The Barclays report, which was released Dec. 4, was conducted in November and is based on surveys of 322 oil and gas companies worldwide.

Pausing To Breathe

While North American spending rose 27% and 31%, respectively, in 2010 and 2011, it took a breather in 2012, leveling to 4%. Barclays estimates North American E&Ps will spend $185 billion in 2013, compared with $183 billion in 2012, West said.

In the US, Barclays anticipates $139.6 billion in E&P capex in 2013, compared with $138.7 billion in 2012, a tepid 0.7% growth. In Canada, $44.7 billion is projected in 2013, up 0.6% from $44.4 billion in 2012.

West credits the growth pause to lower natural gas prices, reduced West Texas Intermediate prices, weak natural gas liquids prices, differentials in Canadian basins, logistical challenges in emerging plays, and a desire to spend within cash flow.
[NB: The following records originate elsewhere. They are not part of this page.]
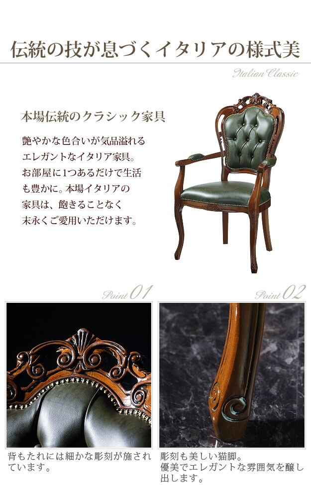 『肘付チェア 革張り』ヴェローナクラシック イタリア 輸入家具 高級
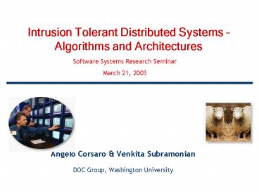 essential part of intrusion tolerant systems - More research needed to make intrusion tolerance
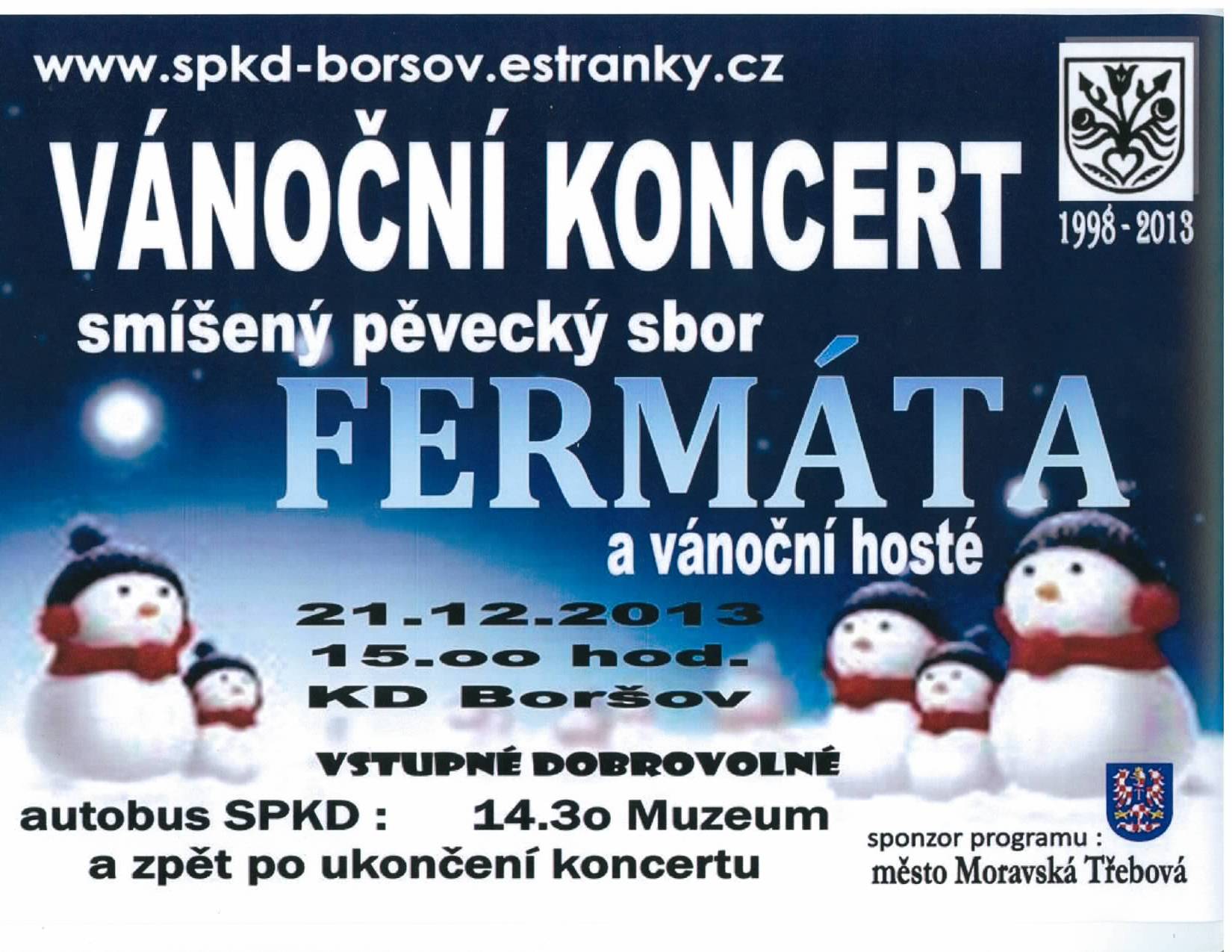 Sdružení přátel kulturního domu pořádá VÁNOČNÍ KONCERT smíšeného pěveckého sboru FERMÁTA a vánoční hosté, který se koná 21. prosince 2013 od 15:00 hodin v kulturním domě v Boršově. Více informací naleznete na plakátu v příloze.
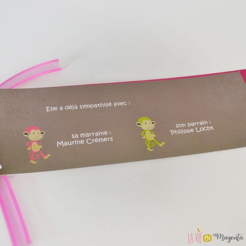 Volets après volets, vos proches découvriront les différentes informations sur la naissance de votre bébé. D'autres singes sont également incorporé au projet : les parents, la marraine et le parrain.
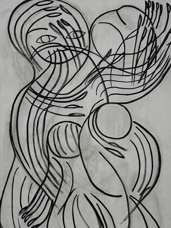 Entre abstraction et figuration, portraits et formes géométriques, avec le dessin comme fil conducteur, l’artiste, née en 1954 à Marangu au pied du Kilimandjaro découvre en Europe un autre monde en même temps qu’un autre langage visuel, mieux une parole, avec laquelle elle tisse depuis des liens solidaires.
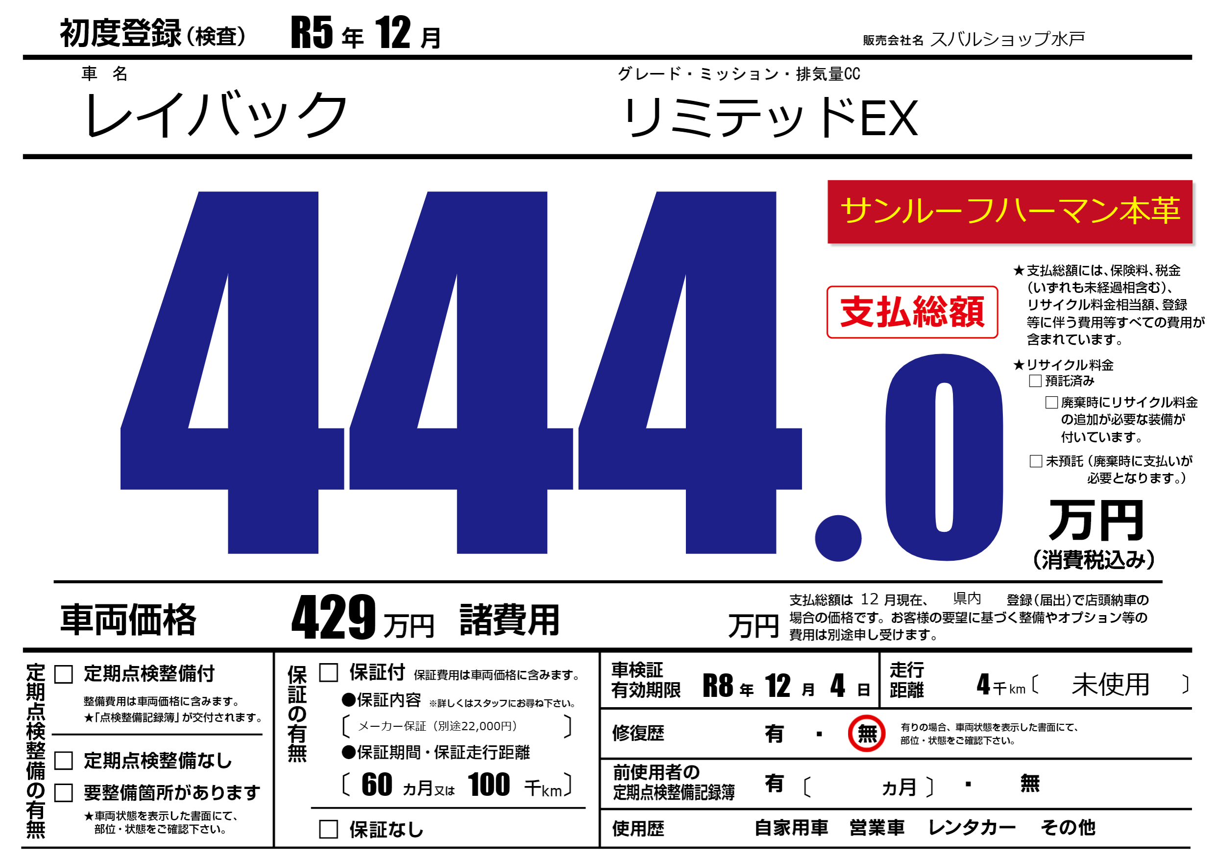 | 車名 | レイバック | グレード ミッション 排気量 |
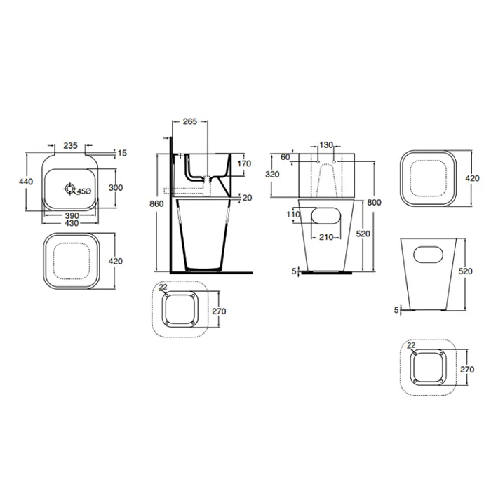 Раковина подвесная Azzurra Tandem 44х43см без отв. под смеситель, белая, TALP04443T00BI/(ULI200/1 bi)*0
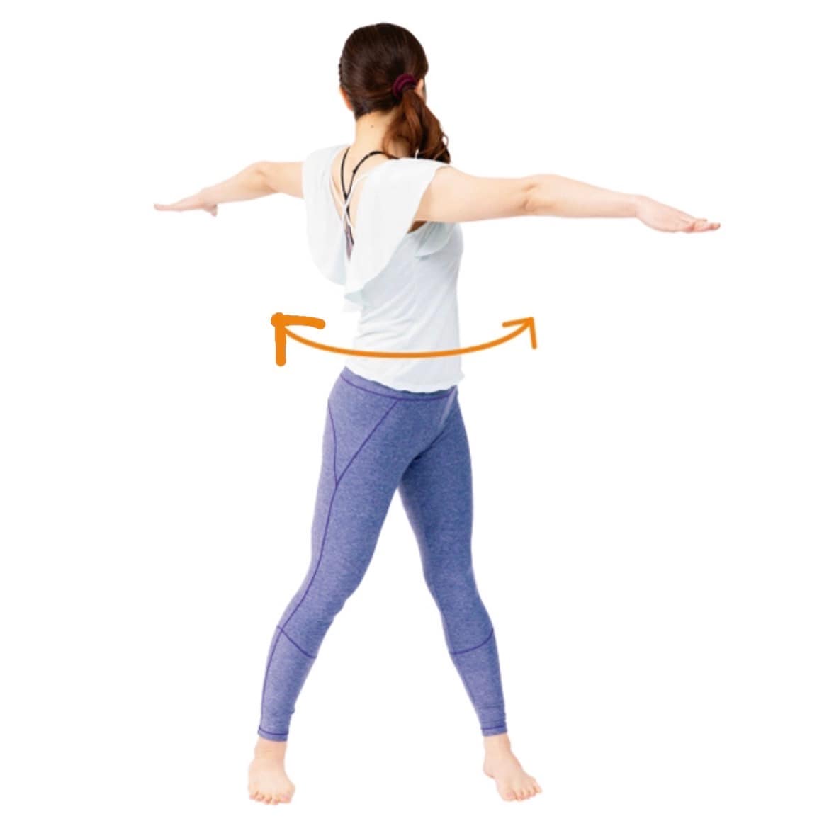 →両手を横に広げてウエストから身体をテンポ良く捻る

Within this context, independent E&Ps are broadcasting that they will decrease budgets next year, he said, totaling about a 1% drop, being more dependent on cash flows that have softened with commodity prices.

But this spending decrease will be offset by majors and national oil companies (NOCs), which are less affected by cash flow constraints, and which now have a more dominant position in North America, drawn by the oil renaissance here.

“The major US, European, and Asian international oil companies (IOCs) and NOCs are helping drive growth in the US market and are increasing spending as a percentage of total US upstream capex as a result,” West said. “We estimate these global majors will constitute roughly 32% of total US spending in 2013, including offshore, up from 27% in 2007.”